Summary and Contributions: This paper is concerned with the mitigating local identifiability issues in probabilistic box embeddings. Probabilistic box embedding model is used to represent the probabilities of binary variables in terms of volumes of axis-aligned hyperrectangles. These probability distributions can be used to express specific relations between entities such as hierarchies, partial orders, and lattice structures. Learning box embeddings using gradient-based methods are not straightforward due to unidentifiability of such models. Non-identifiability means that the likelihood is not affected for whatever infinitesimal change in parameter space is made, hence relaxation of the boxes is required. In this paper, the definition of identifiability issues is not limited only to unidentifiablity of the model, but also includes issues like an optimization procedure following a spurious gradient direction. E.g. when one box contains another, but they are supposed to be disjoint, the gradient-based optimization procedure will try to decreases the area of the inner box instead of separating the two boxes. Instead of just employing relaxation of the boxes, as it's been done in the previous work the authors proposed an exciting method of using ensembles of the boxes that effectively still provides such relaxation but also improves "credit attribution" during training and thus solves additional local identifiability issues. The effectiveness of the proposed method is shown using artificial and WordNet/MovieLens datasets.

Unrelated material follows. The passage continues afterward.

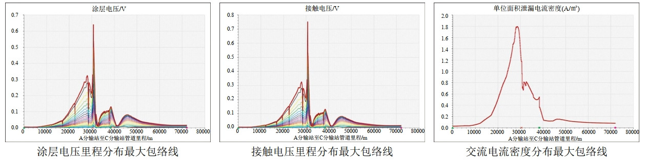 (1)雙線(xiàn)多車(chē)正常運行情況。當該軌道上下行方向雙線(xiàn)各有10輛車(chē)在運行的情況下,管道沿線(xiàn)最大交流干擾電壓為2.999 V,管道沿線(xiàn)最大涂層電壓為3.594 V,地面可接觸物體(如測試樁、閥室等)的最大接觸電壓為4.218 V,均未超過(guò)安全限值。流過(guò)1 cm²缺陷孔的最大泄漏電流密度為10.615 A/m²,交流腐蝕風(fēng)險為低。

Strengths: I found the proposed method that uses nonparametric-random-process-like ensembling to mitigate the local identifiability issue to be quite exciting. Ensembling nature of the GumbelBox model provides a global perspective on the optimized task and analytically computed expected intersection makes it an efficient method.
Weaknesses: I can't see any critical weaknesses in this work.
Correctness: To the best of my knowledge derivations appear to be correct.
Clarity: The paper is well-written and structured clearly. However, I would still include the conclusion section, to make it easier for the readers who just want to skim through the paper. Also, line 99 I would suggest using mathcal font for L and adding that it means likelihood function. Typo line 239: "expectated" should be "expected".
Relation to Prior Work: The authors clearly discussed how their contribution is related to prior work.